- **WHAT YOU WILL DO**:
Go through the listing below and write out exactly the lines from the one that mentions "The Oat Alpaca" through the one that mentions "雅昌艺术网:在题材上,有很多", minus the pictures.

** Opening EXTRACTED ENTRIES block **

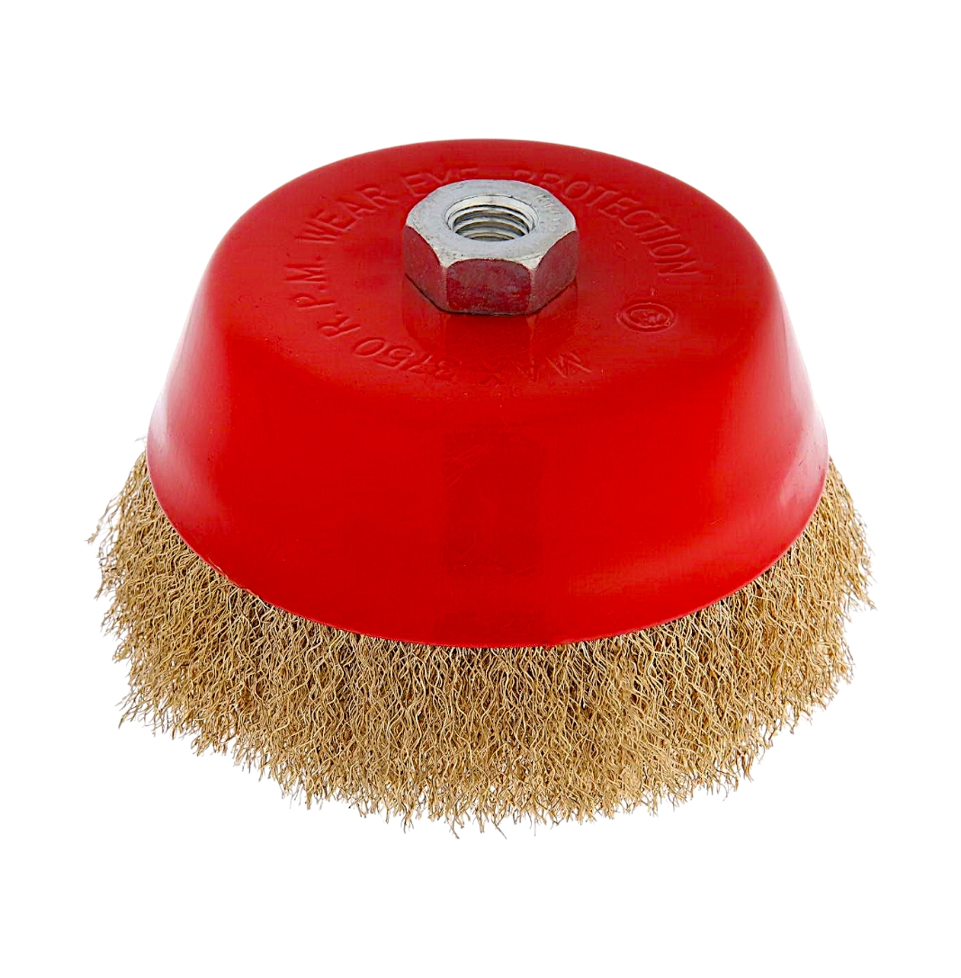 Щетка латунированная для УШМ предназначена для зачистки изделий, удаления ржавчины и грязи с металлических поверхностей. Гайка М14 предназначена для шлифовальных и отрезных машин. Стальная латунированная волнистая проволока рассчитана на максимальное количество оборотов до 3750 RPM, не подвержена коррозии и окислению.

** Closing EXTRACTED ENTRIES block **
** Opening EXTRACTED ENTRIES block **

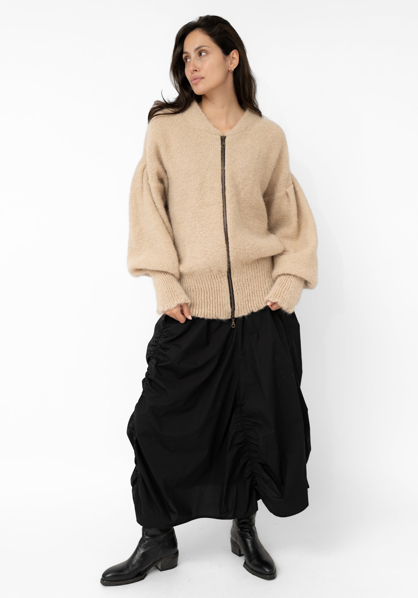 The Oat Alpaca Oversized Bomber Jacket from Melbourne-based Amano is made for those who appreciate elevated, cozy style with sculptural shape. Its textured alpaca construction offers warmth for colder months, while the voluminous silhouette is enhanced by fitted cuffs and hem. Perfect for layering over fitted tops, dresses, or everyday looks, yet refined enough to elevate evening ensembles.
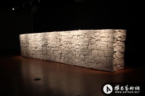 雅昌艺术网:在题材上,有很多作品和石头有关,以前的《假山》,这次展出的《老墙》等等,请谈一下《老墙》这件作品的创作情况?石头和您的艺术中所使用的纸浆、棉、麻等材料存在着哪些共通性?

** Closing EXTRACTED ENTRIES block **

- **SOLUTION TO THIS PROBLEM**:
 The Oat Alpaca Oversized Bomber Jacket from Melbourne-based Amano is made for those who appreciate elevated, cozy style with sculptural shape. Its textured alpaca construction offers warmth for colder months, while the voluminous silhouette is enhanced by fitted cuffs and hem. Perfect for layering over fitted tops, dresses, or everyday looks, yet refined enough to elevate evening ensembles.
 雅昌艺术网:在题材上,有很多作品和石头有关,以前的《假山》,这次展出的《老墙》等等,请谈一下《老墙》这件作品的创作情况?石头和您的艺术中所使用的纸浆、棉、麻等材料存在着哪些共通性?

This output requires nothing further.